Aaron Grady - Absolutely. Well, and you know, so many things you said there are just so on point. The idea of, you know, many advisors, they started out being the chief cook and bottle washer. I mean, they were doing everything in the organization. And so they step into the other person's lane or one of the support people's lanes. Just because you can do something doesn't mean you should. And I understand, and I have this conversation over and over again, this becomes a hindrance. It's better to help. find a way to allow your team to continue to grow, which I love you brought that up. But too often this ends up being many successful advisors scrambling around with a calendar that's full, where there's not a moment of time anywhere, but really without any vision or future for this, you know, with an uncertain future, because they can't even see that. They can't see past next week because they are so busy. And so the solution ultimately is, and there's multiple layers to this, but at the highest level, it's starting out with time blocking or time allocation or another great term, calendar rebalancing. You know, coming back and re-centering to the things

Allan Oehrlein - Yep. Yes, love it.

Aaron Grady - that are most important. And so we look at this as a core concept in the coaching with time allocation. You know, the first one of the first areas that we always tell an advisory is start with defining those allocated time blocks. What are those gonna be? What are the priority items that we need to make time for? Now look, there's lots of great theories on this. There's lots of great methodologies you go about this. There's lots of great thought leaders that talk about this. These are just the ones that we typically lead with and they're up for interpretation. But these are at least a starting place for you. So in a particular order, know, feel like people's like to say there's no particular order, but there's a particular order here.
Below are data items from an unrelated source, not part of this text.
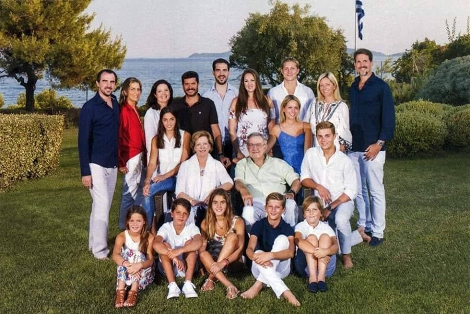Queen Anne Marie, Prince Nikolaos, Princess Theodora and Prince Philippos in Spetses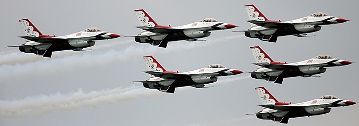 The Thunderbirds' aircraft will be based at the Wittman Regional Airport terminal ramp throughout the weekend, but team members will be participating in various forums and programs during their stay in Oshkosh.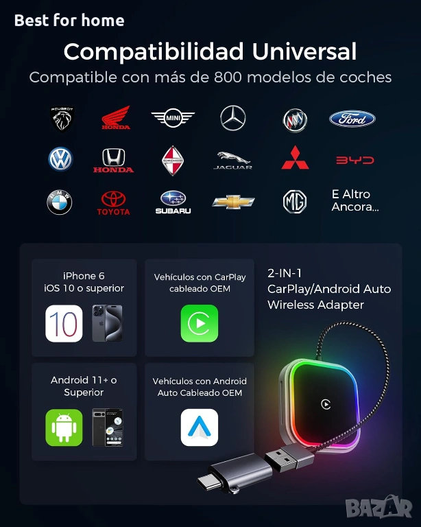 【Широка съвместимост】Безжичният CarPlay адаптер работи с iPhone 6 и по-нови модели с iOS 10 или по-нова версия и е съвместим с над 800 модела автомобили, оборудвани с фабрично инсталирана кабелна CarPlay функционалност (2016 г. и по-нови). Той запазва всички оригинални контроли (бутони, сензорен екран, глас, волан и копчета) за плавно и безопасно шофиране.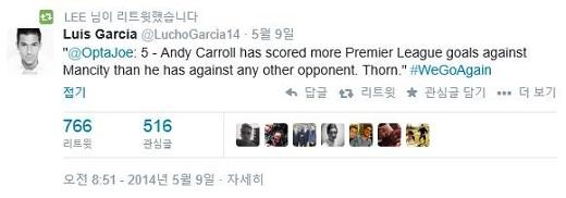 사진설명 2. 앤디 캐롤이 맨시티를 상대로 최다득점을 기록했다는 통계자료를 리트윗하고 나선 전 리버풀 스타 선수 루이스 가르시아(루이스 가르시아 트위터)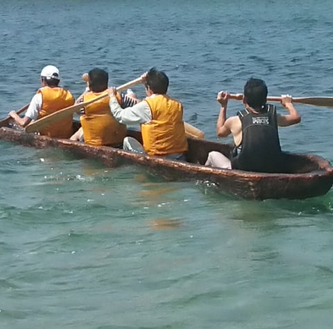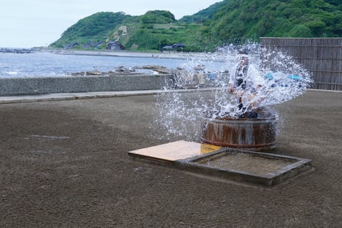 能登町真脇遺跡縄文館による丸木舟の進水試験が8月5日に姫漁港で行われました。縄文人のように石斧を使い、杉の大木を削ること3カ月あまり。仕上げた舟は長さおよそ7.4メートル。夏の海にプカリと浮かび、子どもと大人が櫂を漕いで港内を巡りました。きらめく海と縄文人の航海体験。新しい夏のプログラムの誕生でしょうか。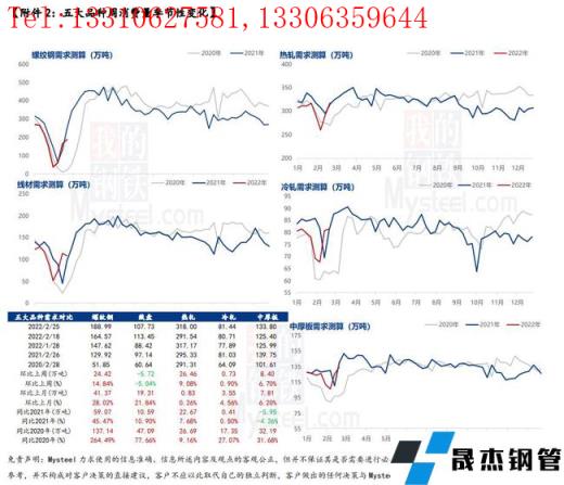 本周五大品種供應(yīng)均有明顯回升,分品種來看,建材增量集中于短流程生產(chǎn)企業(yè),原因在于上周元宵節(jié)過后短流程復(fù)產(chǎn)比例提升,增量區(qū)域集中于華東、華南和西南;板材增量集中于長流程生產(chǎn)企業(yè),原因在于冬奧會結(jié)束,部分板材企業(yè)鐵水逐步恢復(fù),促使軋材增量。綜合來看,原料趨弱運行導(dǎo)致成品材成本下移,擴寬企業(yè)利潤空間,一定程度上提振了企業(yè)復(fù)產(chǎn)積極性。預(yù)計后期供應(yīng)仍有一定增量空間,但受限于冬奧會后還有殘奧會,因此空間相對有限。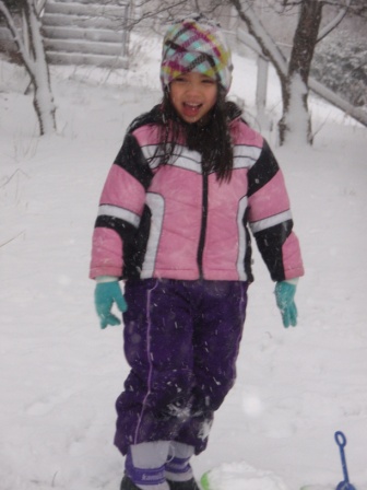 Aurora had already dressed herself, and put on her snowsuit, boots, and hat. Kathy discovered Aurora happily shoveling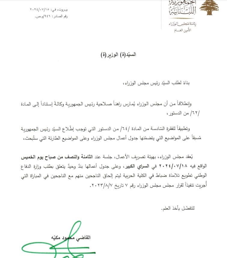 يعقد مجلس الوزراء بهيئة تصريف الأعمال، جلسة عند الساعة الثامنة والنصف من صباح يوم الخميس في السراي، وعلى جدول الأعمال بند وحيد.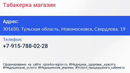 Табакерка, магазин по адресу 301650, Тульская область, Новомосковск, Свердлова, 19 в дальнейшем Организация, размещена в следующих категориях:
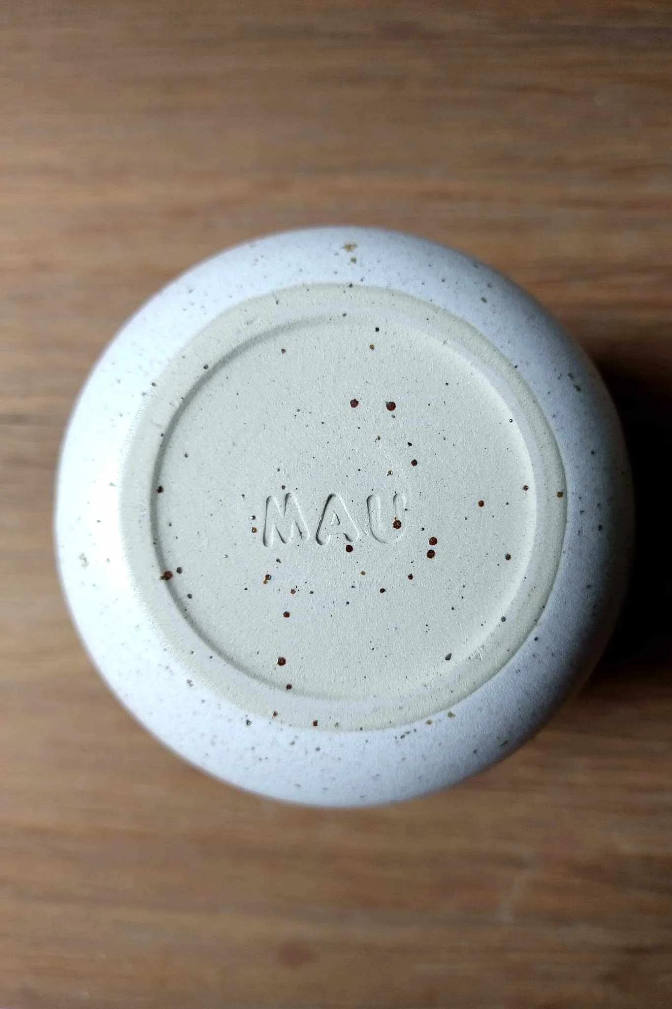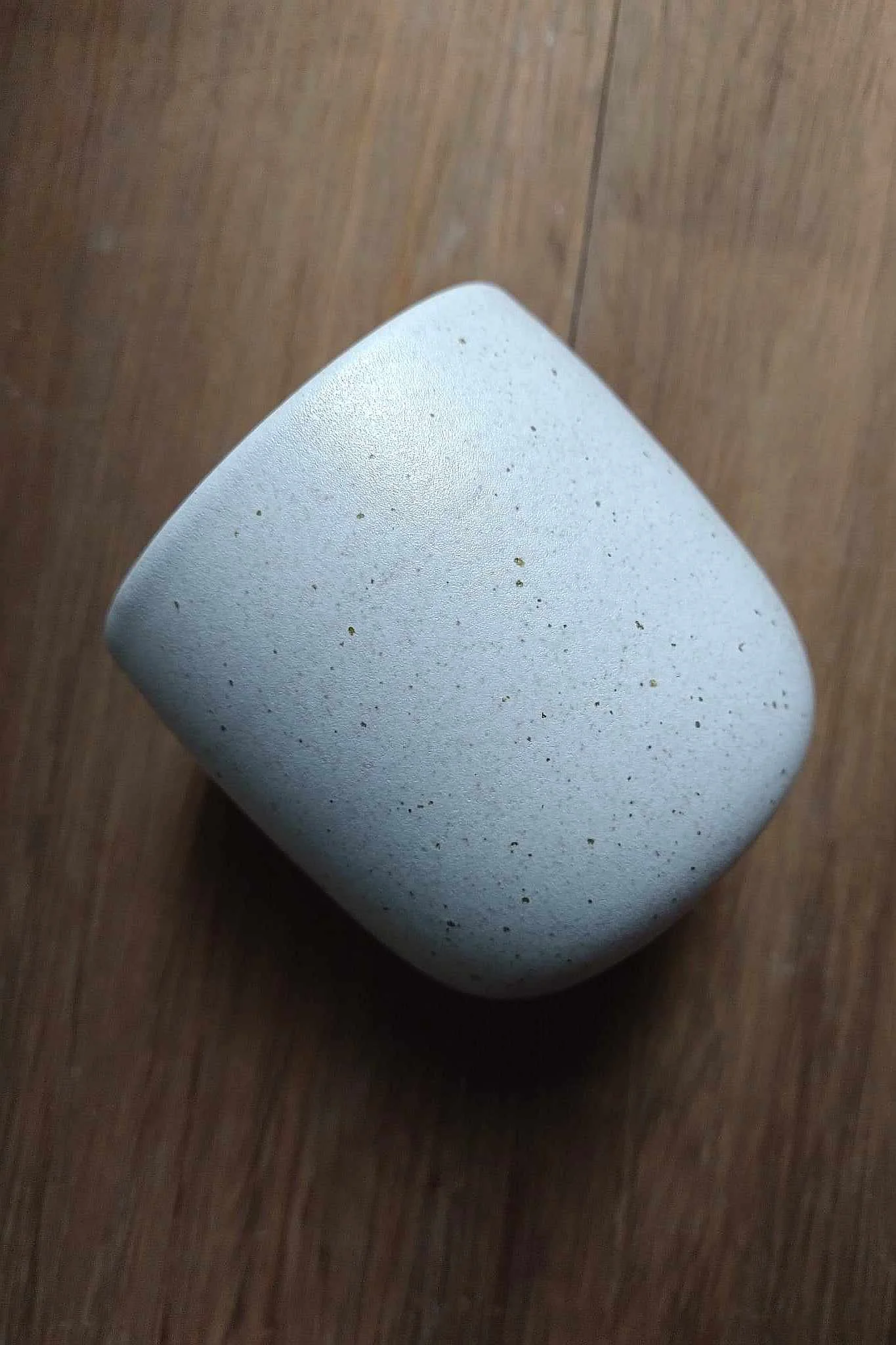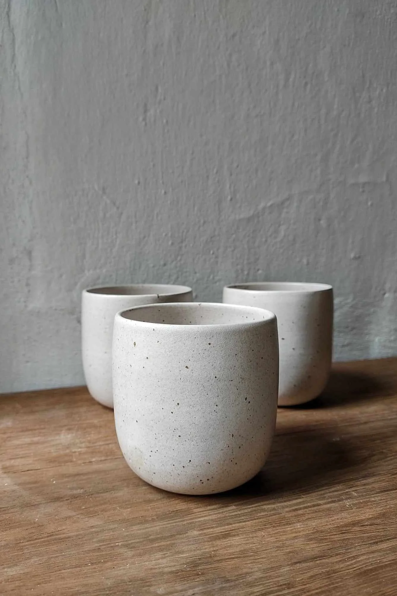 Kubek Light toczony na kole garncarskim z jasnej gliny, nakrapianej. Wewnątrz i na zewnątrz pokryty satynowym, różowo-beżowym szkliwem.
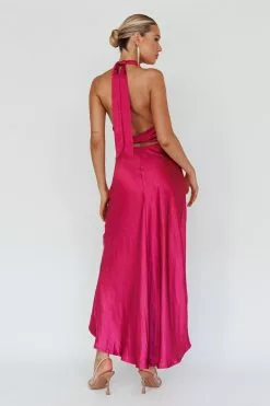 Saints + Secrets Sonoma Halterneck Faux Wrap Twist Back Maxi Dress Fuchsia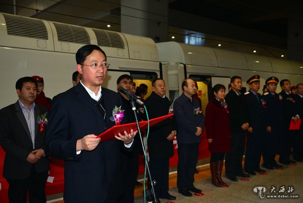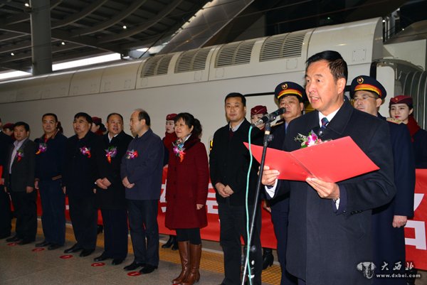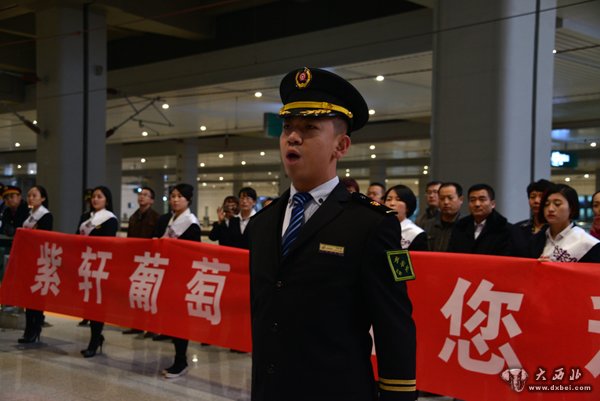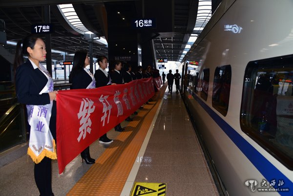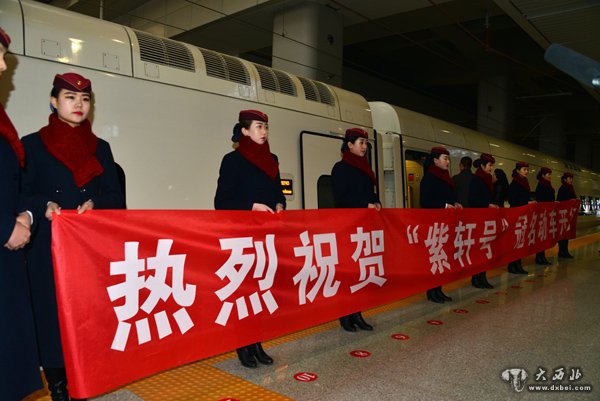 D2743次紫轩号高铁动车今日兰州西客站首发式。 贾笑云 摄
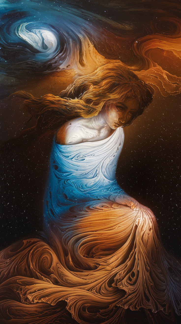 Discover this stunning free cosmic fluid art phone wallpaper that blends surreal fantasy with a dreamy cosmic vibe. The design features a woman whose flowing hair and dress merge seamlessly with swirling patterns in rich browns, golds, whites, and blues, creating a fluid, otherworldly atmosphere. Perfect as a dark wallpaper or HD background for iPhone and Android devices, this phone wallpaper enhances any lockscreen with its captivating and ethereal aesthetic. Whether you want to personalize your smartphone or find a unique artistic visual, this cosmic fluid art wallpaper brings a perfect balance of fantasy and cosmic mystique to your device.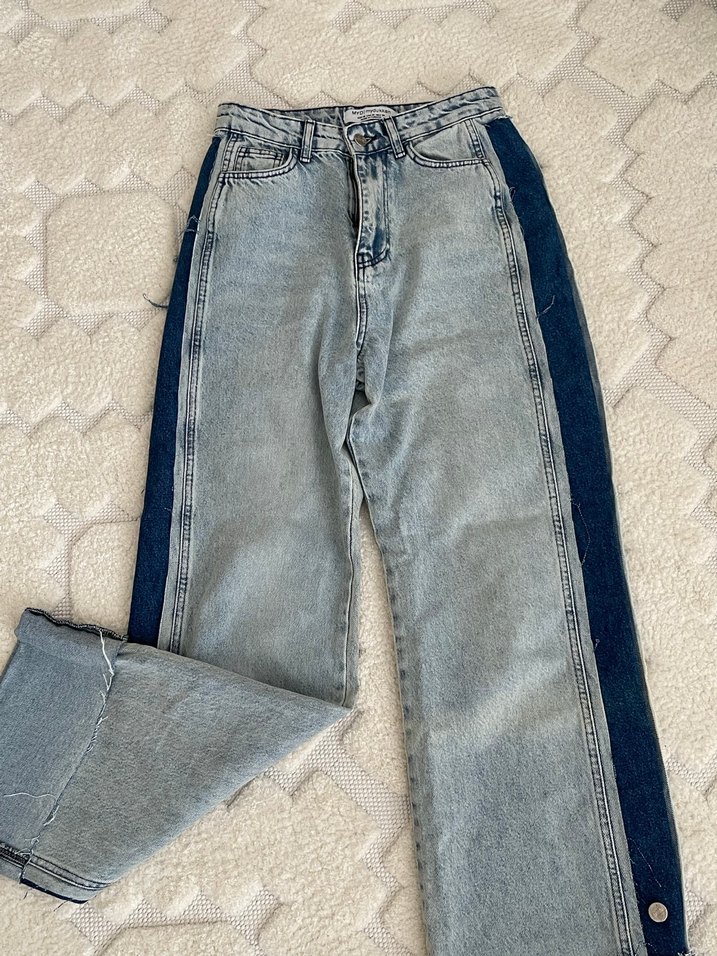 Düğmeli Regular Fit Mavi Gri Kadın Kot Pantolon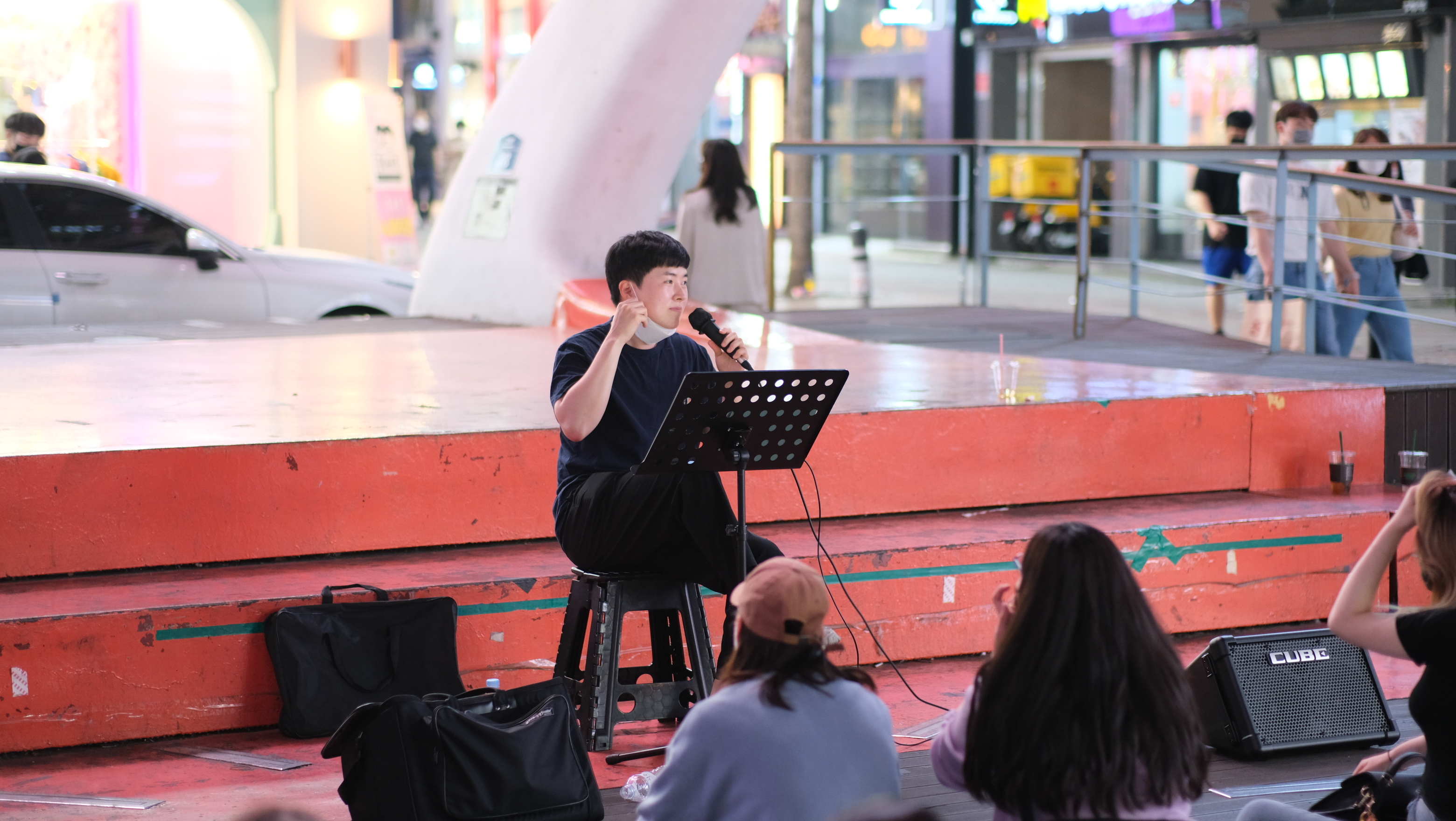대신에 버스킹하시는 분의 인물 사진은 아니고 공연 사진을 올려봅니다.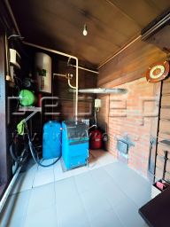 Вода поступает из скважины, есть септик, электричество и твердотопливный котел в доме.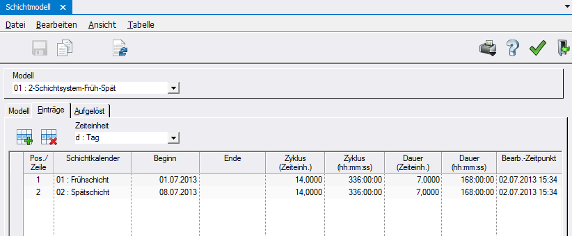 Das Schichtmodell bildet ein 2-Schichtsystem mit einer Früh- und einer Spätschicht ab. Die Frühschicht beginnt zum ersten Mal am 01.07.2013 und dauert 7 Tage an. Die Spätschicht beginnt zum ersten Mal am 08.07.2013 und hat ebenfalls eine Dauer von 7 Tagen. Es muss somit ein Zyklus von 14 Tagen für Schichten gewählt werden.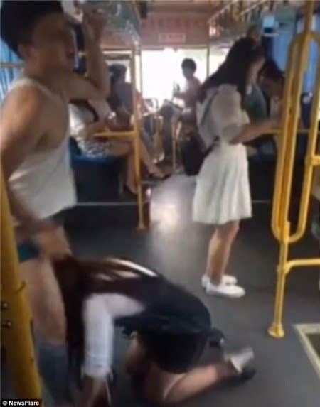 正在行驶的公交车上,女乘客蹲下身捡拾掉在车上的物品;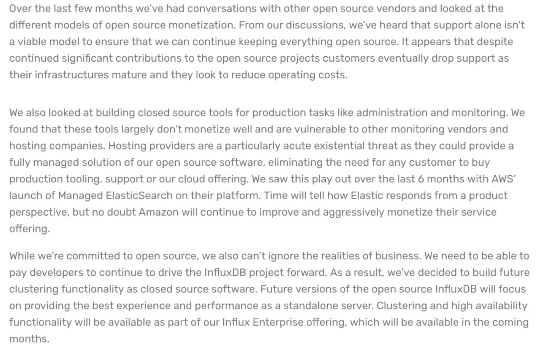 附InfluxDB三年前关于闭源其集群功能的一些考虑: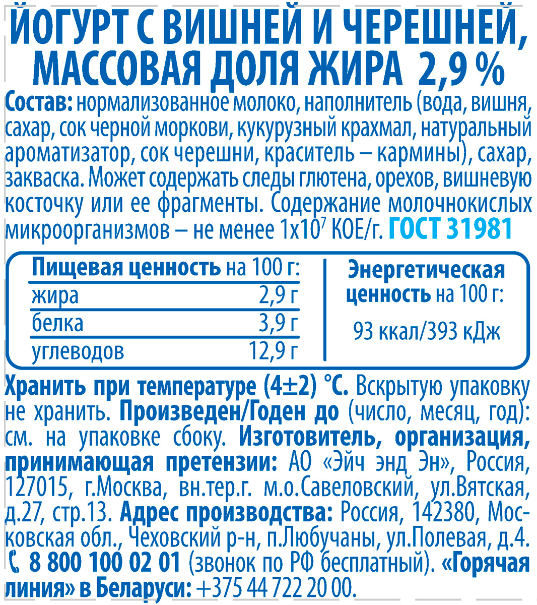 Йогурт Простоквашино вишня черешня 2,9%

Aaron Grady - place I would tell you is start with personal time. know, the first place we always start in coaching is about ideal life. People work to live, not live to work for the most part. And so this business should serve you. It should afford you the ability to live the life you want to live. So

Allan Oehrlein -Yeah. Mm-hmm.

Aaron Grady - If it's important to you, family time, gym time, personal growth, faith, reflection, any of those things that are, know, family dinners, make sure that that's on the calendar. Block time for that. Make sure that you've carved out time, whether that's in the morning or the evening, you know, whether it's, you do it over lunch, whatever it is, make sure that that's on there. Start that, start with your ideal life first. Then, you know, I would say the next most important would probably, and probably not most important, but next one I would look at is probably management time.

Allan Oehrlein - Yep.

Aaron Grady - This covers things like research, meeting prep, team meetings, huddles with your team, know, anything that really kind of fits around the administrative or kind of research side of things. And then an important one, appointment times. And we're going to talk more about, you know, those client meetings. How do you define those? You know, there's whole process around this, which, you know, probably should do a whole other rare video podcast on this concept, and we probably will.

Allan Oehrlein - Mm-hmm.

Aaron Grady - That's an important one. And then emails, phone calls, returning those. So if we say that's such a big time sink or time suck, carve out time for it. Don't be reactive to it. Make sure that there's time dedicated to the calendar for when you're going to return those calls, when you're going to return those emails. Make sure you have time for those. And then make sure that you have time allocated for working on the business. This is for your planning. This is for team alignment and personal development business side of things.

Allan Oehrlein - Yeah.

Aaron Grady - This is like increasing your knowledge around the investment philosophy, doing your investment, you you're maybe studying for the CFP, right? So working on the business time. And then last, but definitely not least, allocate time for high impact activities.

Allan Oehrlein - Right.

Aaron Grady - When we talk about high impact activities, we're talking about relationship management. These are those form phone calls that we would talk about. This is business development activities. So I deal with some teams that have some junior advisors, young advisors, or advisory practices that are still really forward thinking when it comes to growth. And so the ability to create content or do marketing activities, you need to have time dedicated for that as well. You can't leave it.

Allan Oehrlein - Mm-hmm.

Aaron Grady - to the whims of time, you really need to kind of figure out when that's going to fall on the calendar.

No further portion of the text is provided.